Consistent with patterns observed in the estimation of other wave parameters, the energy ratio once again proves to be a principal driver, ranking as the second most important feature. The peak wave direction also contributes significantly, occupying the sixth position in the feature importance hierarchy, emphasizing its relevance in capturing directional variability.
In addition to the correlated statistical features derived from the SLC imagette (
Figure 11b), the model does not identify additional significant groups of features influencing
. This suggests that directional error arises from a more discrete set of physical and retrieval factors, underscoring the complex interplay between wave dynamics and SAR observation geometry. These insights pave the way for targeted improvements in SAR wave inversion methodologies with the potential to enhance the fidelity of directional retrieval under challenging environmental conditions.
6. Conclusions
This study proposes a novel methodology to improve the reliability of SAR-based ocean wave retrieval by introducing an advanced partition classification algorithm. Through the integration of machine learning and explainability techniques, the approach effectively mitigates persistent challenges in the interpretation of wave spectra, particularly those associated with system-induced distortions such as azimuth cut-off effects and MTF limitations.

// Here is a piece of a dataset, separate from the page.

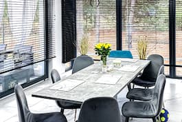 Ще один цікавий проєкт із сімейства "Будинків в сливах", які високо цінуються інвесторами. Це простора будівля з житловою мансардою, що відрізняється дуже представницьким зовнішнім виглядом. Сучасний характер "Будинку в сливах 4 (Г2)" підкреслюється великим, вражаючим склінням і натуральним облицюванням, яке гарно поєднується зі світлою штукатуркою. Відпочити на свіжому повітрі пропонує кутова тераса, завдяки якій мешканці можуть влаштувати там затишну літню їдальню. Простора житлова зона виглядає виключно привабливо, численні скління забезпечують велику кількість природного світла та підкреслюють сучасний характер інтер'єру. У вітальні та їдальні є широкі розсувні двері на терасу, які чудово відкривають будинок для зовнішнього вигляду та саду. Ефектно засклена їдальня вміщує великий стіл, її розмір дає можливість організувати вечірку у великій компанії. Простір кухні візуально відокремлений від житлової зони за рахунок розташування на її межі півострова, на якому з боку їдальні передбачено місце для шаф для зберігання посуду. Комфортна робота на кухні гарантується оптимальним розташуванням функцій та просторими робочими поверхнями. Під сходами організовано додатковий простір для зберігання, де спроєктовано практичне підсобне приміщення. У другій частині першого поверху у розпорядженні мешканців додаткова кімната з видом на сад, яка може бути використана як кабінет, але також чудово підійде як гостьова спальня. Поруч із ним знаходиться світла ванна кімната з душем. З житлової зони жителі мають швидкий прохід у гараж та доступну з нього котельню на твердому паливі. Вхід у гараж розташований поряд зі сходами, що ведуть з мансарду, а додаткові двері, передбачені в конструкції будинку, захищають від проникнення неприємних запахів. Варто зазначити, що в просторому гаражі, крім зручного паркування двох автомобілів, можна зберігати спортивний інвентар, садові інструменти. Мансарда є затишним нічним простором, де розташовані три великі спальні, дві з яких мають власні вбиральні, кімната батьків також має власний балкон. Повністю обладнана ванна кімната розташована на осі сходів, поруч знаходиться практична пральня. З передпокою можна потрапити на просторе, природно освітлене горище, яке заповнює простір над гаражем. Цей унікальний проєкт відноситься до категорії: проєкти сучасних будинків, проєкти будинків із житловою мансардою, проєкти будинків із шатровим дахом.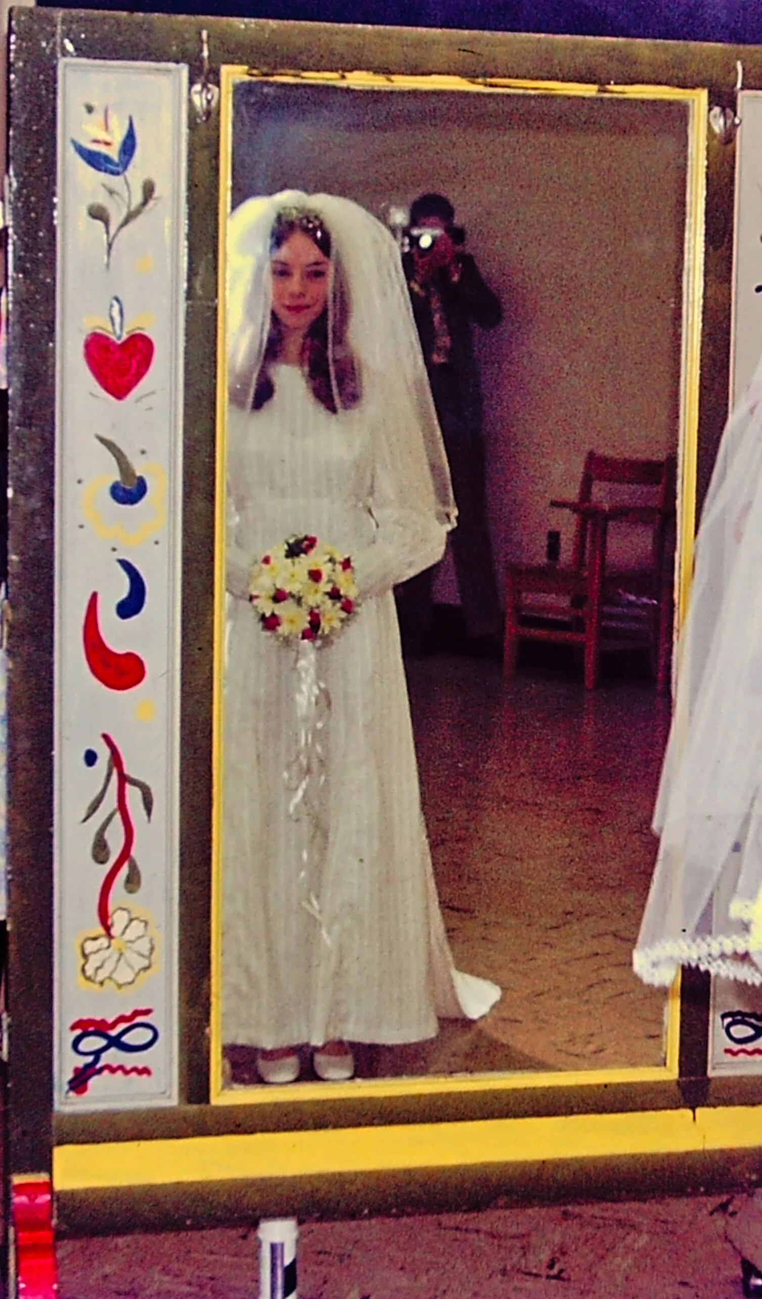 … for more than half a century there has been only one answer for me. Today we celebrate our 49th Anniversary. The wedding took place at Hood College in Frederick, Maryland on May 8th, 1971, the week before Cindy graduated from the college. She is framed in a mirror that I guess was in the chapel somewhere. The flowers she has were picked by our minister’s wife along the side of the road as they traveled from Pittsburgh to Frederick. Cindy made her wedding dress and her Aunt Timmie made yards of tatting that was incorporated into the dress.

Looking forward, the proposed QF classification framework holds promise in enabling a more systematic identification of error sources, especially those that recur under specific SAR observation conditions. Furthermore, it may serve as a foundation for targeted advancements in wave inversion methodologies, including the refinement of MTF models and the development of sophisticated filtering techniques to suppress non-wave signals.
What sets this work apart is not just the classification accuracy, but the intelligent selection of physically meaningful features that align with the behavior of ocean waves. This synergy between data-driven modeling and geophysical understanding enables a deeper insight into SAR performance under varying sea conditions. The model’s capacity to isolate the most reliable partitions creates opportunities for more targeted and confident use of SAR data in both scientific research and operational settings.
Beyond technical contributions, the integration of interpretability adds a valuable layer of transparency. Rather than treating the algorithm as a black box, the use of SHAP-based analysis illuminates the factors influencing each decision, allowing users to validate outcomes and potentially refine the input data or retrieval strategies.
In a broader sense, this work contributes to a growing effort in Earth observation to make remote sensing tools not only more accurate but also more accountable and accessible. The proposed method offers a foundation upon which future SAR-based systems can be built: systems that are capable of adapting to complex marine environments while providing clear, interpretable results. As ocean monitoring becomes increasingly vital in the context of climate change and maritime activity, such tools will be essential for both research and real-world applications.